:: WHAT THE TASK REQUIRES ::
Omitting the pictures, output all of the records precisely as written.

Content starts

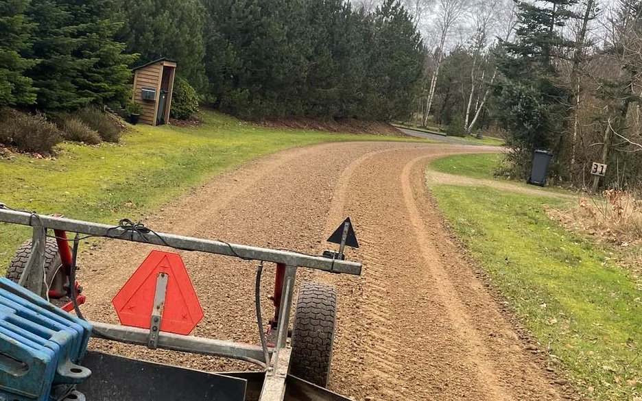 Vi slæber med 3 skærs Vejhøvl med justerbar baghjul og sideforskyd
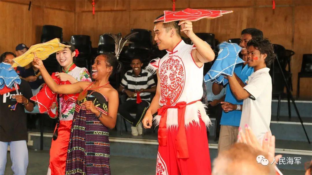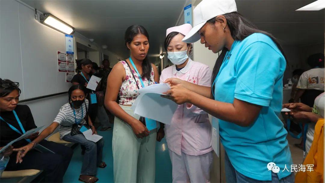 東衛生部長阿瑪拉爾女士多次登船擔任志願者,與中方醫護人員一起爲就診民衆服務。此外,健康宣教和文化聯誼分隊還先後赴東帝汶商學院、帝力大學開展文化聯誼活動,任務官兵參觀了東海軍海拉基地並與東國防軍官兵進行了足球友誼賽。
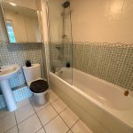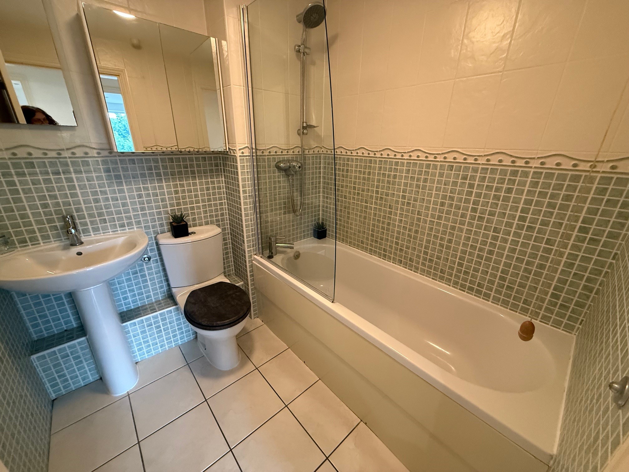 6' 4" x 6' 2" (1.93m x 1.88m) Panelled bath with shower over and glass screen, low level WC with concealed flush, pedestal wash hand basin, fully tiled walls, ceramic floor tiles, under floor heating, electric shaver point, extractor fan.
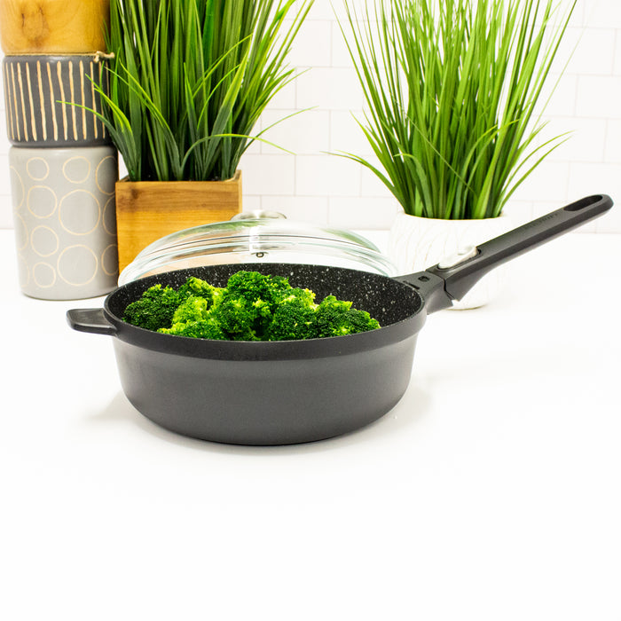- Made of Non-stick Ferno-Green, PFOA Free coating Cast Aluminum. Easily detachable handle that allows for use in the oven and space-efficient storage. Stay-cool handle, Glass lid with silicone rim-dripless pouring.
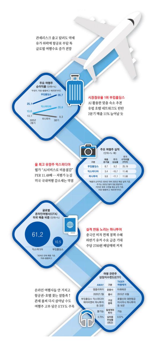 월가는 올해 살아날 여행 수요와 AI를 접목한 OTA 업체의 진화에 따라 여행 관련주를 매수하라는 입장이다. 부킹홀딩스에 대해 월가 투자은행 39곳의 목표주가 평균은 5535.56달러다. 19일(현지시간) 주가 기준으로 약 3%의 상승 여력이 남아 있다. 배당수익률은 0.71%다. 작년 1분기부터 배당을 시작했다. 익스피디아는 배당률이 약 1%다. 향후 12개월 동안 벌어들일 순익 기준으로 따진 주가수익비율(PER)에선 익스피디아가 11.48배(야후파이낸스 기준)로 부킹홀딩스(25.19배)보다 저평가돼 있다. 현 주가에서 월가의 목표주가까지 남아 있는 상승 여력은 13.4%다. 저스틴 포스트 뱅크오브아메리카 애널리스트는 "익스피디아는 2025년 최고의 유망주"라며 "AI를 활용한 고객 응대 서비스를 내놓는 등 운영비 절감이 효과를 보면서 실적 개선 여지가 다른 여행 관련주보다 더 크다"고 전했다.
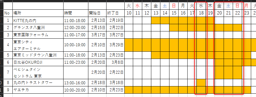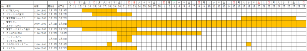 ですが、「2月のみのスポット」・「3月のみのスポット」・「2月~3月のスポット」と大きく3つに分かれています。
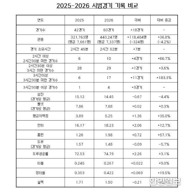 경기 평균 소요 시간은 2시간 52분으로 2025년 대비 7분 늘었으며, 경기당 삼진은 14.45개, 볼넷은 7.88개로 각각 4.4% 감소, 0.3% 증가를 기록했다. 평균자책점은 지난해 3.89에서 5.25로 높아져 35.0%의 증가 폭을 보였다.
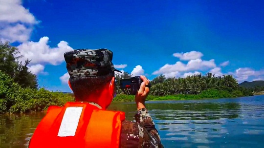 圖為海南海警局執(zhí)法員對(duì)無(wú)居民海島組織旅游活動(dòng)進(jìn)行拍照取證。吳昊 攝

Content ends

:: EXPECTED ANSWER ::
 Vi slæber med 3 skærs Vejhøvl med justerbar baghjul og sideforskyd
 東衛生部長阿瑪拉爾女士多次登船擔任志願者,與中方醫護人員一起爲就診民衆服務。此外,健康宣教和文化聯誼分隊還先後赴東帝汶商學院、帝力大學開展文化聯誼活動,任務官兵參觀了東海軍海拉基地並與東國防軍官兵進行了足球友誼賽。
 6' 4" x 6' 2" (1.93m x 1.88m) Panelled bath with shower over and glass screen, low level WC with concealed flush, pedestal wash hand basin, fully tiled walls, ceramic floor tiles, under floor heating, electric shaver point, extractor fan.
- Made of Non-stick Ferno-Green, PFOA Free coating Cast Aluminum. Easily detachable handle that allows for use in the oven and space-efficient storage. Stay-cool handle, Glass lid with silicone rim-dripless pouring.
 월가는 올해 살아날 여행 수요와 AI를 접목한 OTA 업체의 진화에 따라 여행 관련주를 매수하라는 입장이다. 부킹홀딩스에 대해 월가 투자은행 39곳의 목표주가 평균은 5535.56달러다. 19일(현지시간) 주가 기준으로 약 3%의 상승 여력이 남아 있다. 배당수익률은 0.71%다. 작년 1분기부터 배당을 시작했다. 익스피디아는 배당률이 약 1%다. 향후 12개월 동안 벌어들일 순익 기준으로 따진 주가수익비율(PER)에선 익스피디아가 11.48배(야후파이낸스 기준)로 부킹홀딩스(25.19배)보다 저평가돼 있다. 현 주가에서 월가의 목표주가까지 남아 있는 상승 여력은 13.4%다. 저스틴 포스트 뱅크오브아메리카 애널리스트는 "익스피디아는 2025년 최고의 유망주"라며 "AI를 활용한 고객 응대 서비스를 내놓는 등 운영비 절감이 효과를 보면서 실적 개선 여지가 다른 여행 관련주보다 더 크다"고 전했다.
 ですが、「2月のみのスポット」・「3月のみのスポット」・「2月~3月のスポット」と大きく3つに分かれています。
 경기 평균 소요 시간은 2시간 52분으로 2025년 대비 7분 늘었으며, 경기당 삼진은 14.45개, 볼넷은 7.88개로 각각 4.4% 감소, 0.3% 증가를 기록했다. 평균자책점은 지난해 3.89에서 5.25로 높아져 35.0%의 증가 폭을 보였다.
 圖為海南海警局執(zhí)法員對(duì)無(wú)居民海島組織旅游活動(dòng)進(jìn)行拍照取證。吳昊 攝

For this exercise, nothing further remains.